----- Data to process -----

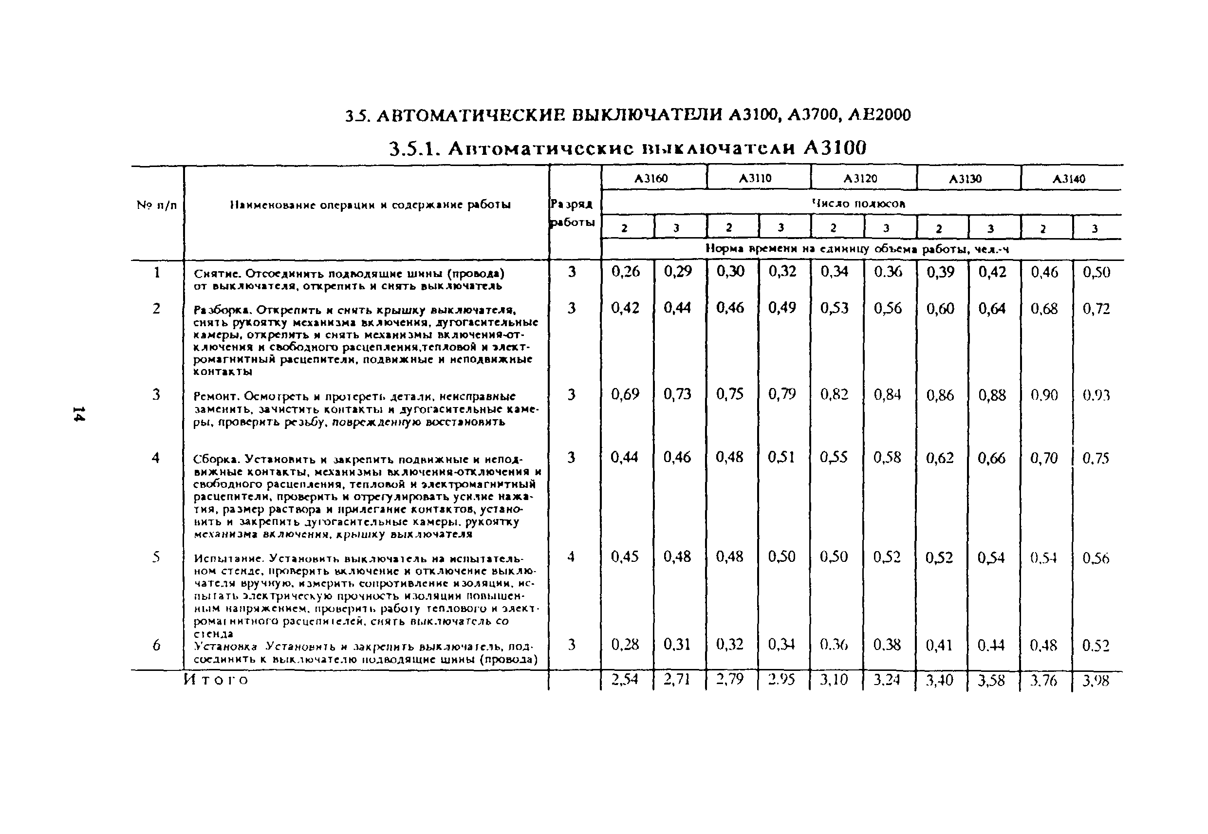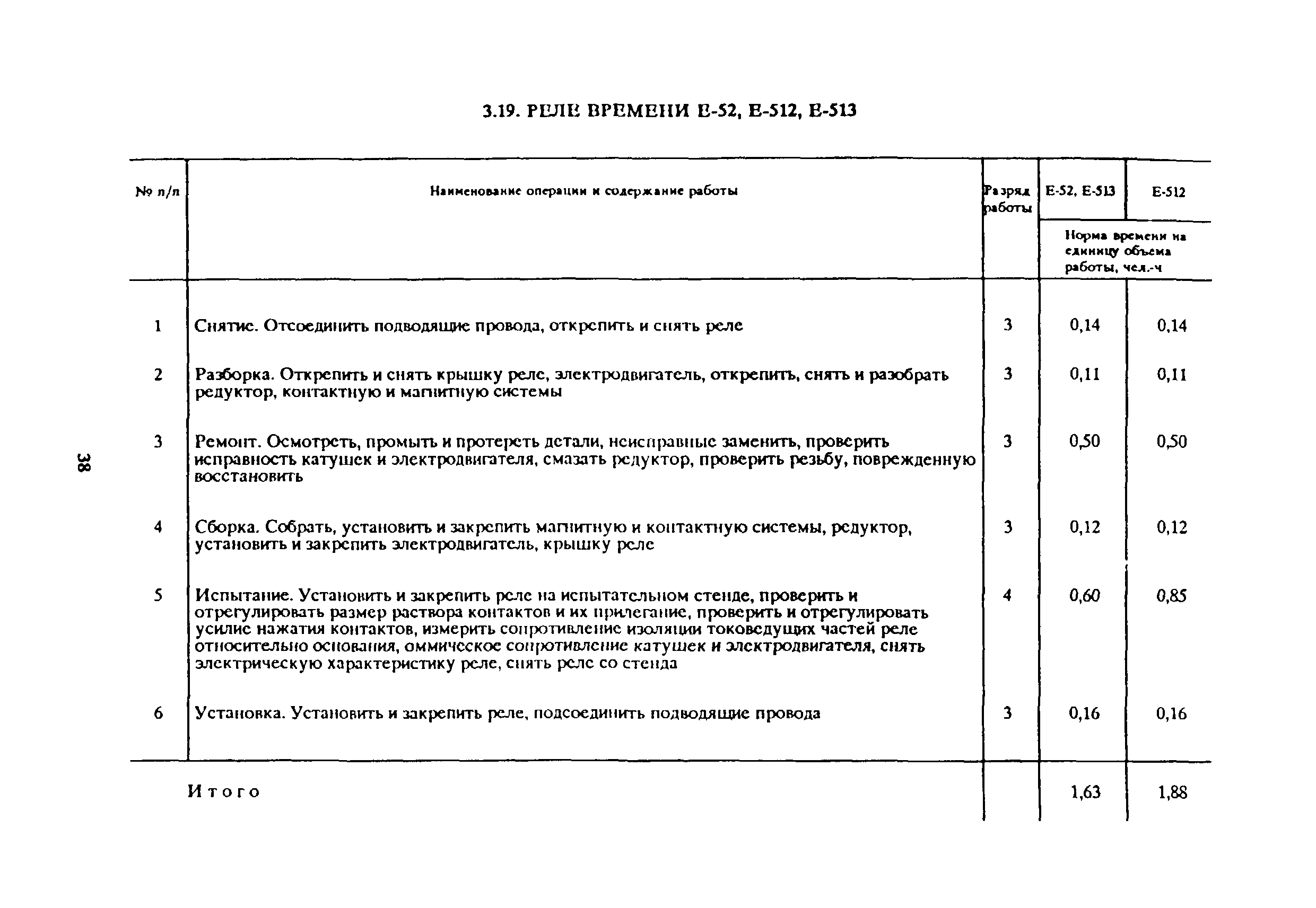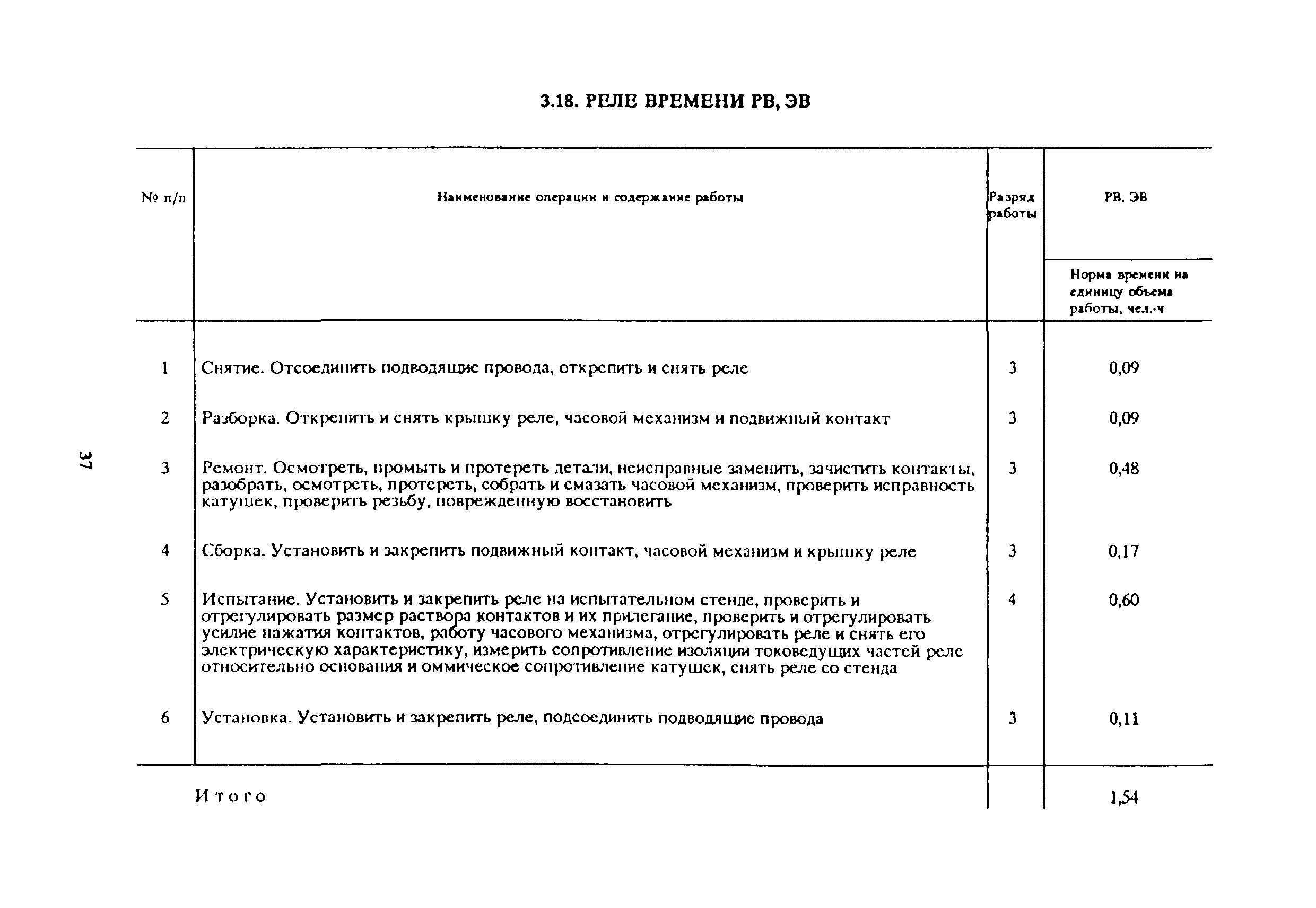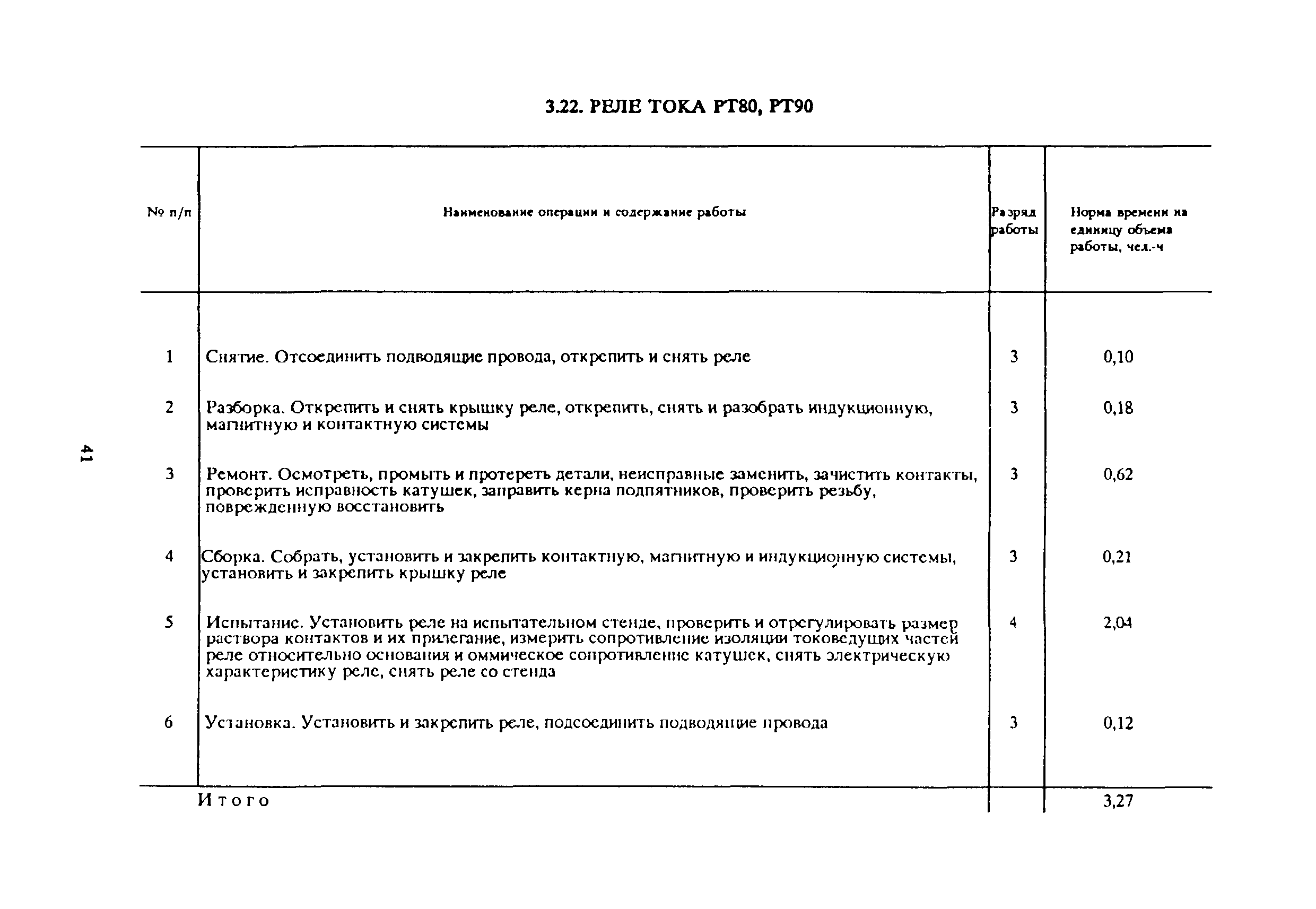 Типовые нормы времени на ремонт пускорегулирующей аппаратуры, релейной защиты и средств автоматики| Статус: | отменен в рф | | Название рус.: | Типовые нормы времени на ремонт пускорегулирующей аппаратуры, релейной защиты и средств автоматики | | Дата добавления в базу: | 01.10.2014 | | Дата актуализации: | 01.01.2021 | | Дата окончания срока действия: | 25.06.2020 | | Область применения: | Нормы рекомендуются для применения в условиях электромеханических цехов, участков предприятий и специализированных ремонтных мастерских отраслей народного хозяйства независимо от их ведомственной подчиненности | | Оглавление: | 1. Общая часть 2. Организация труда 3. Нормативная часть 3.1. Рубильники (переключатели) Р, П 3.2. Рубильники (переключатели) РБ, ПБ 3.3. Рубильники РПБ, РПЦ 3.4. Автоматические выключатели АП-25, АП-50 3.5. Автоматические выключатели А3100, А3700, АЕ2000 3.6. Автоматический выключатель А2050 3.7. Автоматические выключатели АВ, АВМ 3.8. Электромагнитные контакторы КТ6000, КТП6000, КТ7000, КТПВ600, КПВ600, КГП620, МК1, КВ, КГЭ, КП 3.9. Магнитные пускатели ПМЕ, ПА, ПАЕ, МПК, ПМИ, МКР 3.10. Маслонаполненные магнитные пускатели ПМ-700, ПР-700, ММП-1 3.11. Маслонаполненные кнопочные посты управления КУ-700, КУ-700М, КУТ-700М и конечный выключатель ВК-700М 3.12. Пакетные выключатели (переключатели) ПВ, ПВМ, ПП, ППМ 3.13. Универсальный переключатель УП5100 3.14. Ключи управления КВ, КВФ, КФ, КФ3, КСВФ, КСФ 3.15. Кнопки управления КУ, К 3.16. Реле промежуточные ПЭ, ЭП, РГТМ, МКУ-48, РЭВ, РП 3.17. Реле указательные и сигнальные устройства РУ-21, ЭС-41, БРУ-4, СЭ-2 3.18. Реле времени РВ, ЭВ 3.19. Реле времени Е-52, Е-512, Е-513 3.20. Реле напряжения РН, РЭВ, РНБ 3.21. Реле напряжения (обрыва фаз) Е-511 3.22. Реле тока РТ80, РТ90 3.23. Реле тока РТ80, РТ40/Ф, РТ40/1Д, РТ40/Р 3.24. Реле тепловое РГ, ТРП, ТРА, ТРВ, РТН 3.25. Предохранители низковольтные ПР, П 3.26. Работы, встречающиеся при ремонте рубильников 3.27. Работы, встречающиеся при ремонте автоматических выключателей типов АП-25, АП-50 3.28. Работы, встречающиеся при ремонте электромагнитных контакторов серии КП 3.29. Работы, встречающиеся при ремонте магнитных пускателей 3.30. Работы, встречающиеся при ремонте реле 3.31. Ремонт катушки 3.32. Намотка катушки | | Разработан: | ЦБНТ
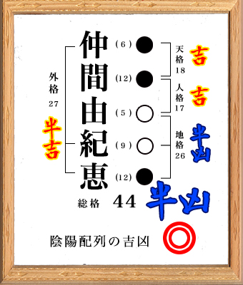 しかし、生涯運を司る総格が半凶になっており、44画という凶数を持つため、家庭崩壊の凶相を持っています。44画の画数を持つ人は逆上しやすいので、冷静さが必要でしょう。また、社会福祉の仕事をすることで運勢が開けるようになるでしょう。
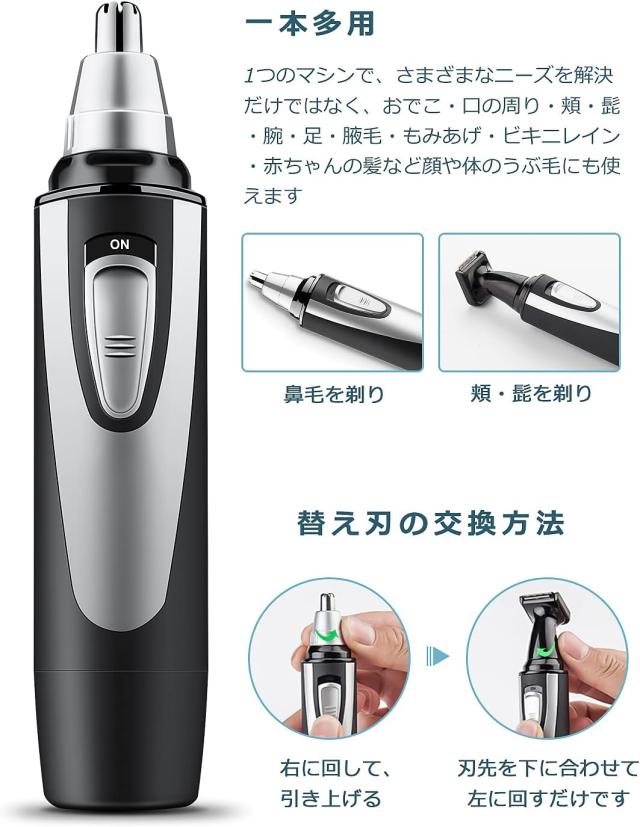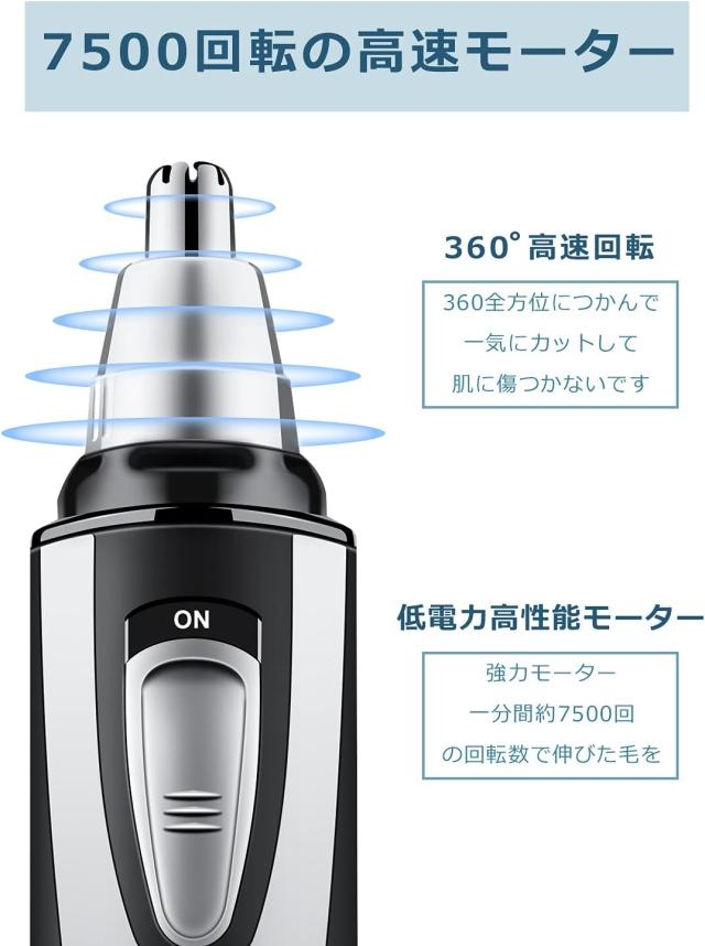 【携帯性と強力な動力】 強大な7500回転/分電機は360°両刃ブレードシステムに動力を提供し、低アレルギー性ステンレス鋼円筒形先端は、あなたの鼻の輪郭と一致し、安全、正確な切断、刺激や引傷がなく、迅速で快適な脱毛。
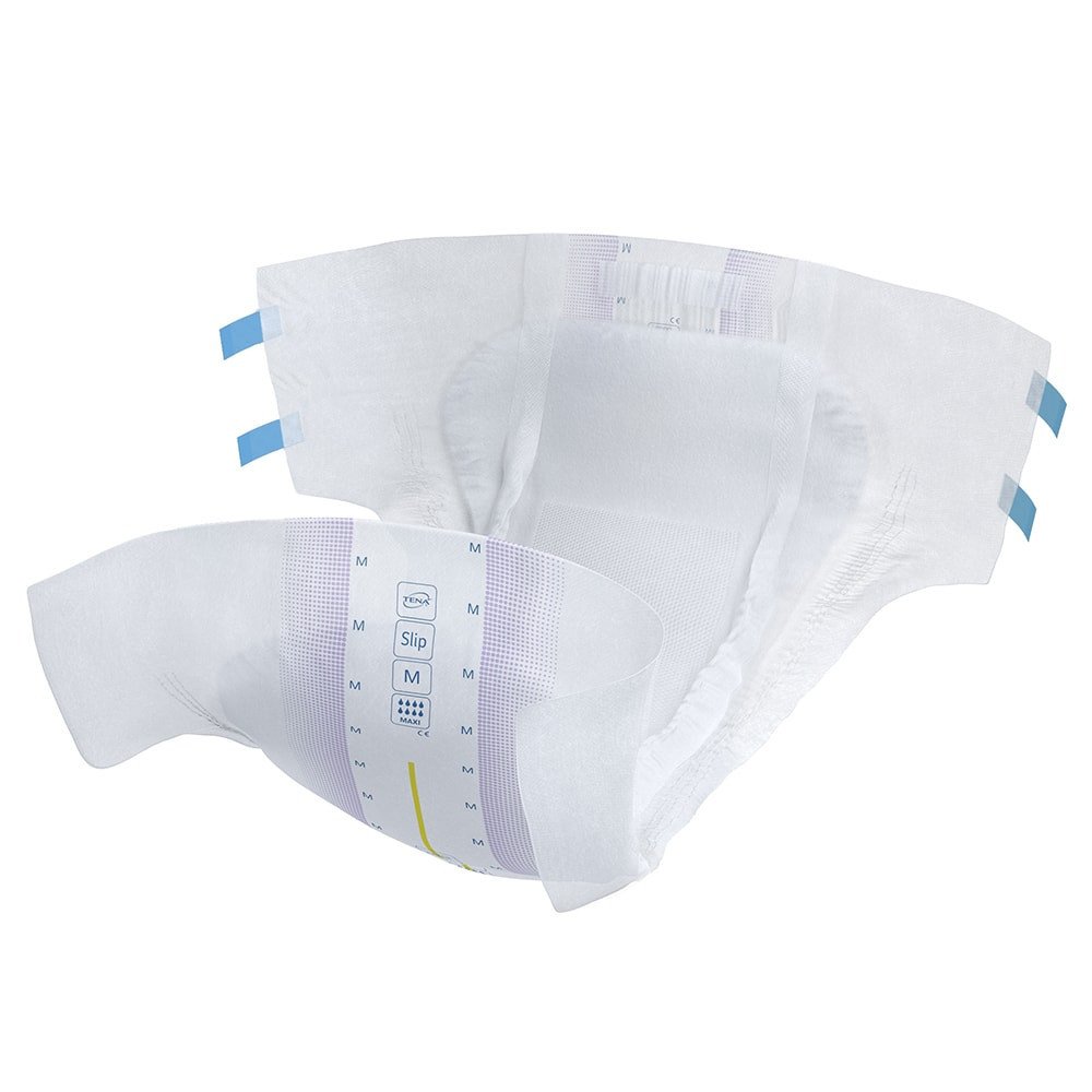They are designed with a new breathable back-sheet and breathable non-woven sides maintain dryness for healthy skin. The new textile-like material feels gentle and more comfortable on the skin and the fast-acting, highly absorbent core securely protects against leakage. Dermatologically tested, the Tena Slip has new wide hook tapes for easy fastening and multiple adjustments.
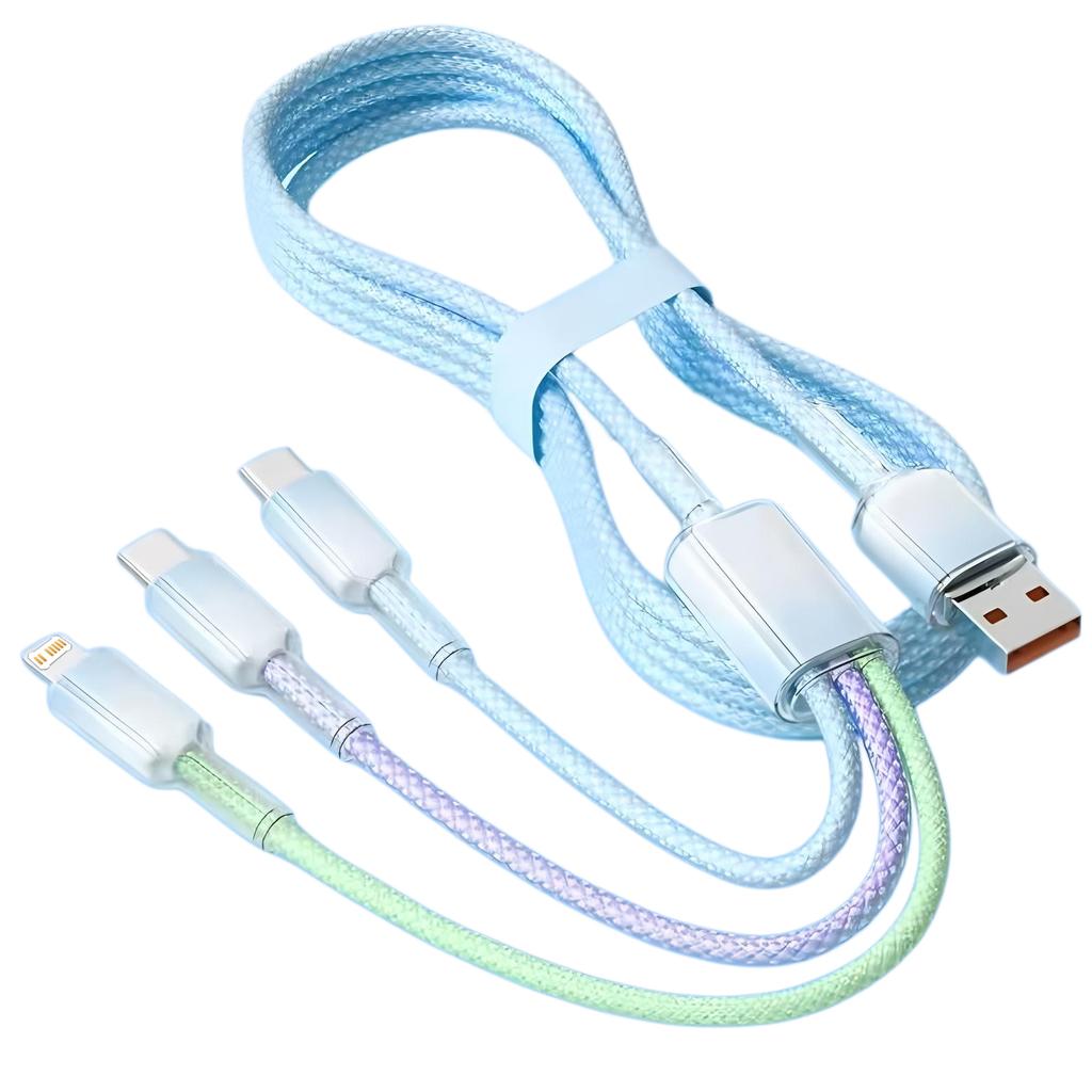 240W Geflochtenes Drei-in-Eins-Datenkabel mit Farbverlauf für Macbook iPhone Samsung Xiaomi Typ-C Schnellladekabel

-----

◆ **Your objective**
Restate each line of the records exactly; pictures do not belong in the copy.

◆ **Response**
 Типовые нормы времени на ремонт пускорегулирующей аппаратуры, релейной защиты и средств автоматики| Статус: | отменен в рф | | Название рус.: | Типовые нормы времени на ремонт пускорегулирующей аппаратуры, релейной защиты и средств автоматики | | Дата добавления в базу: | 01.10.2014 | | Дата актуализации: | 01.01.2021 | | Дата окончания срока действия: | 25.06.2020 | | Область применения: | Нормы рекомендуются для применения в условиях электромеханических цехов, участков предприятий и специализированных ремонтных мастерских отраслей народного хозяйства независимо от их ведомственной подчиненности | | Оглавление: | 1. Общая часть 2. Организация труда 3. Нормативная часть 3.1. Рубильники (переключатели) Р, П 3.2. Рубильники (переключатели) РБ, ПБ 3.3. Рубильники РПБ, РПЦ 3.4. Автоматические выключатели АП-25, АП-50 3.5. Автоматические выключатели А3100, А3700, АЕ2000 3.6. Автоматический выключатель А2050 3.7. Автоматические выключатели АВ, АВМ 3.8. Электромагнитные контакторы КТ6000, КТП6000, КТ7000, КТПВ600, КПВ600, КГП620, МК1, КВ, КГЭ, КП 3.9. Магнитные пускатели ПМЕ, ПА, ПАЕ, МПК, ПМИ, МКР 3.10. Маслонаполненные магнитные пускатели ПМ-700, ПР-700, ММП-1 3.11. Маслонаполненные кнопочные посты управления КУ-700, КУ-700М, КУТ-700М и конечный выключатель ВК-700М 3.12. Пакетные выключатели (переключатели) ПВ, ПВМ, ПП, ППМ 3.13. Универсальный переключатель УП5100 3.14. Ключи управления КВ, КВФ, КФ, КФ3, КСВФ, КСФ 3.15. Кнопки управления КУ, К 3.16. Реле промежуточные ПЭ, ЭП, РГТМ, МКУ-48, РЭВ, РП 3.17. Реле указательные и сигнальные устройства РУ-21, ЭС-41, БРУ-4, СЭ-2 3.18. Реле времени РВ, ЭВ 3.19. Реле времени Е-52, Е-512, Е-513 3.20. Реле напряжения РН, РЭВ, РНБ 3.21. Реле напряжения (обрыва фаз) Е-511 3.22. Реле тока РТ80, РТ90 3.23. Реле тока РТ80, РТ40/Ф, РТ40/1Д, РТ40/Р 3.24. Реле тепловое РГ, ТРП, ТРА, ТРВ, РТН 3.25. Предохранители низковольтные ПР, П 3.26. Работы, встречающиеся при ремонте рубильников 3.27. Работы, встречающиеся при ремонте автоматических выключателей типов АП-25, АП-50 3.28. Работы, встречающиеся при ремонте электромагнитных контакторов серии КП 3.29. Работы, встречающиеся при ремонте магнитных пускателей 3.30. Работы, встречающиеся при ремонте реле 3.31. Ремонт катушки 3.32. Намотка катушки | | Разработан: | ЦБНТ
 しかし、生涯運を司る総格が半凶になっており、44画という凶数を持つため、家庭崩壊の凶相を持っています。44画の画数を持つ人は逆上しやすいので、冷静さが必要でしょう。また、社会福祉の仕事をすることで運勢が開けるようになるでしょう。
 【携帯性と強力な動力】 強大な7500回転/分電機は360°両刃ブレードシステムに動力を提供し、低アレルギー性ステンレス鋼円筒形先端は、あなたの鼻の輪郭と一致し、安全、正確な切断、刺激や引傷がなく、迅速で快適な脱毛。
They are designed with a new breathable back-sheet and breathable non-woven sides maintain dryness for healthy skin. The new textile-like material feels gentle and more comfortable on the skin and the fast-acting, highly absorbent core securely protects against leakage. Dermatologically tested, the Tena Slip has new wide hook tapes for easy fastening and multiple adjustments.
 240W Geflochtenes Drei-in-Eins-Datenkabel mit Farbverlauf für Macbook iPhone Samsung Xiaomi Typ-C Schnellladekabel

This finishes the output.